Small World: Solo performances

Henry Precht

Henry Precht

By Henry Precht

BN Columnist

If you didn’t know it before, you understand it now: The power of a single individual, acting alone, can decisively influence the behavior of the world’s strongest government.

Edward J. Snowden taught us our most recent lesson in political science by, according to a top intelligence official, inflicting “great harm” on our national security.

A quiet, withdrawn computer nerd, Snowden was inspired not by some fanatical, divinely ordained, violence-relishing movement, but by his conservative belief in the American Constitution (especially the Fourth Amendment). Public debate, informed by previously hidden facts and a government responsive to the will of its people were, he said, what drove him to leak super sensitive documents. In consequence, elaborate plans were ruined, untold treasure was lost and the perfidy of Washington was exposed. But no lives were ended — at least, not yet.

Snowden acted in the tradition of past big-time leakers, Daniel Ellsberg and Bradley Manning — men who saw our government behaving badly (or, more exactly, not in accord with their opinions). They acted without the guidance of some dominating figure — except maybe Thomas Jefferson. Ellsworth and Snowden’s work has been abetted by major organs of the media. Manning is standing trial with support only from dissident media outlets although much of the press has put his Wikileaks to use on page one. The initiatives of the three men has/will change the course of government policies

Now for a moment, let me jump to the other side of the barricades to present the perspective of the loyal and diligent public servant — as I once was. In my time in the State Department, it became almost impossible during a crisis to plan and to communicate under the constant threat that your cables of instructions to the field or memos of recommendations to superior officers would appear the next day on page one of the Washington Post.

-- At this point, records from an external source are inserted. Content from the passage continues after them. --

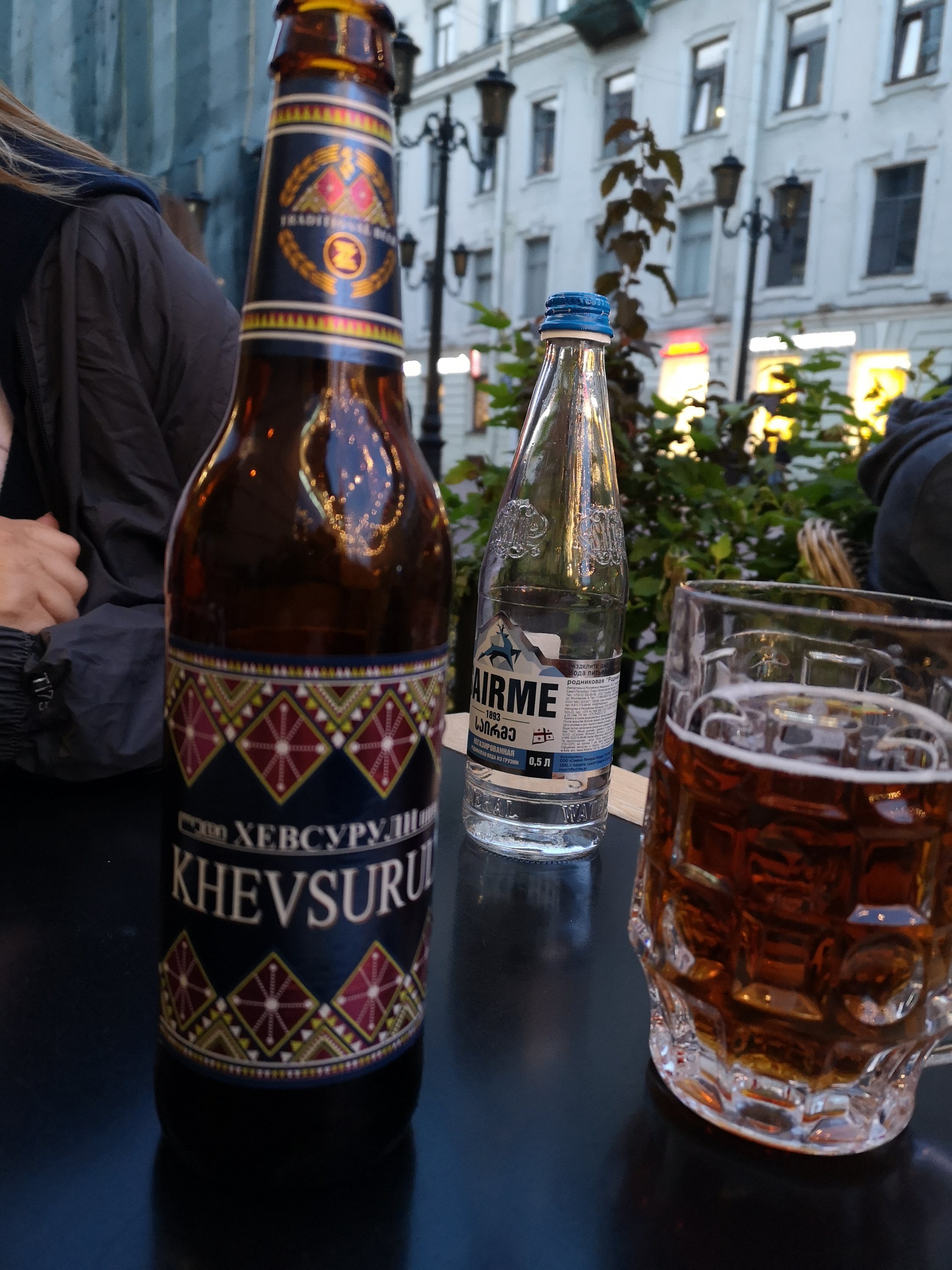 Wärend ich hier schreibe warten wir in einem Georgischen Restaurant auf unser wohlverdientes Abendessen. Wir sind früh aufgestanden und gleich los um unser erstes Breakfast irgendwo in der Nähe zu finden. Anschließend sind wir quer durch die Stadt gelaufen zu unserem Treffpunkt mit dem Guide. Peter haben wir über TripAdvisor gefunden. Wie auch unser Guide in Vilnius, eine wirklich gute Wahl über diese Quelle zu suchen. Wir sind nicht zu den typischen Tourizielen gegangen sondern an einige kleine aber sehr interessante Orte. Wir sind Tram und U-Bahn gefahren, was im Prinzip einfach ist aber mangels Sprachkenntnisse einer kleinen Erklärung bedarf. Nach gut 4 Stunden sind wir dann auf eigene Faust los. Wow! Es gibt so viele interessante Gebäude und Monumente hier, die sich einem aber nicht gleich mangels Sprachkenntnisse erschließen. Mit dem Ausflugsschiff sind wir gut 1 Stunde über die Kanäle quer durch die Stadt. Auch hier sieht man viele interessante Dinge, die allerdings auch nur auf Russisch erklärt wurden. Ein Höhepunkt heute war dann noch der Winterpalast, die Eremitage. Wenn man alle Räume durchlaufen wollte käme man auf gut 24 km! Wir haben uns mit 2 Stunden zufrieden gegeben. Die Palasträume an sich sind schon sehr beeindruckend. Aber es gibt auch unglaublich viele Kunstschätze aus aller Welt zu bestaunen. So das Essen ist da. Mit Georgischen Bier. Prost!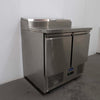 Sandwich Prep Fridge. Features S/S lift up lid, 2 Solid Door Chiller, 5 x 1/6 Gn pans, 2 x Shelves, Bench, On castors, Climate class normal, S/S Finish, Scratches & Dents, Static cooling system, Carel Italian digital controls, Self-evaporating drainage, 900mmW x 700mmD x 1075mmH. 68KG. 10 Amp, 1 Phase.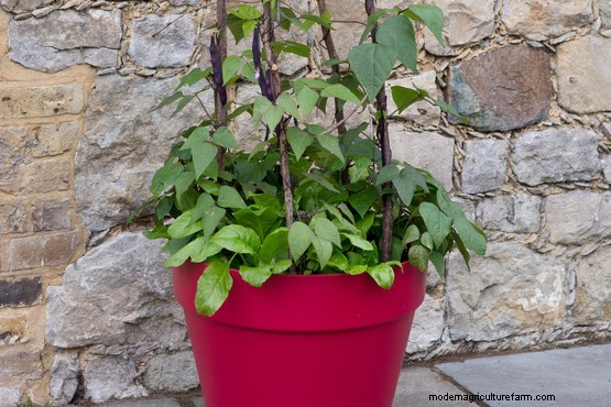 You will need: Six climbing French bean plants ‘Cosse Violette’ grown from seed, perpetual spinach seeds, multi-purpose peat-free compost, six hazel sticks (1-1.5m long), large plastic pot (approx. 50cm wide x 45cm high), liquid seaweed feed.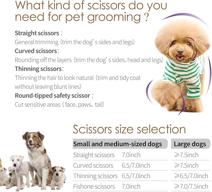 - 🐶[Great Gift Idea] The dog cutting scissors for grooming is ideal for a pet hospital, pet salons, and family to use on dogs, cats, and so on. You can become a professional pet groomer at home, Saving Time and Money, More is make you enjoy the feeling of taking care of your four-legged family member. The pet scissors for grooming is also definitely the perfect gift for relatives and friends, especially for dog or cat lovers.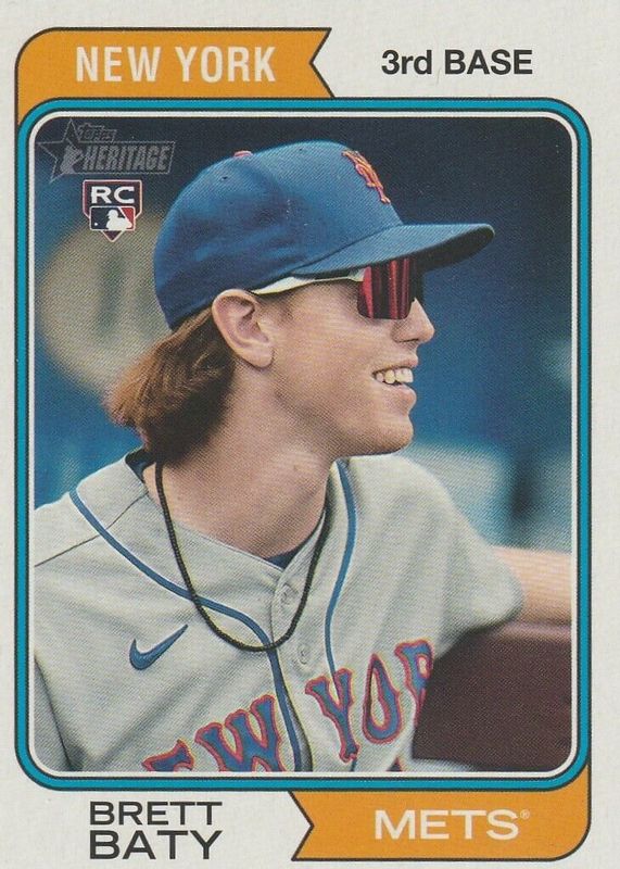 This card is 1 of 5 Brett Baty's card variations in the 2023 Topps Heritage set being tracked by Sports Card Investor, including Image Variation (Red Shirt), Name Position Swap Variation, Real One Autographs, and Real One Autographs - Red Ink /74.

If the foreign “foe” knows what you are up to, it becomes unlikely that your maneuver has much chance of succeeding. And your foreign friends will be dismayed by the lax handling of sensitive data. Foreign officials sometime succumb to the temptations of diplomats or bribes of intelligence agents to spill their beans; Americans are led to betray secrets by convictions and strong egos.

The leaker is not, of course, the only solitary saboteur of policy. Violence is a more dramatic device for grabbing the public’s attention and affecting policy. The most recent incident of that variety was the Boston massacre in which two brothers, unhappy in their lives in the United States and weakly inspired by anti-Russian terror gangs in their home country, taught themselves how to manufacture bombs, planned where to plant them and envisioned more of the same — all by themselves. No terror cell, apparently, stood behind them to guide and help.

Aggrieved youth, acting alone — or virtually so — have also seized headlines with acts of violence in England, France and Afghanistan.

This is not to say that groups like al Qaeda don’t count; they do. It does mean that the task of preventing or blocking terror plots has become infinitely more difficult. Spending upwards of $80 billion on a multitude of intelligence agencies — as the United States does — seems to be aiming at — and missing — the solitary, determined actor. We worry and pontificate about Islamic terrorists; we should spare a wrinkle on our collective brow for the aggrieved and alienated loner.

If we put into the same basket of “terrorists” those distraught gunners who have ended more American lives in recent years than certified terrorists, we would have quite a different problem. The killing of innocents in Newtown, Santa Monica and Colorado were, I submit, acts of terror. We also need to pay attention to lonely guys like those gunners who are increasingly disrupting our lives. Early background checks might help identify those gunners.

Henry Precht is a retired Foreign Service Officer.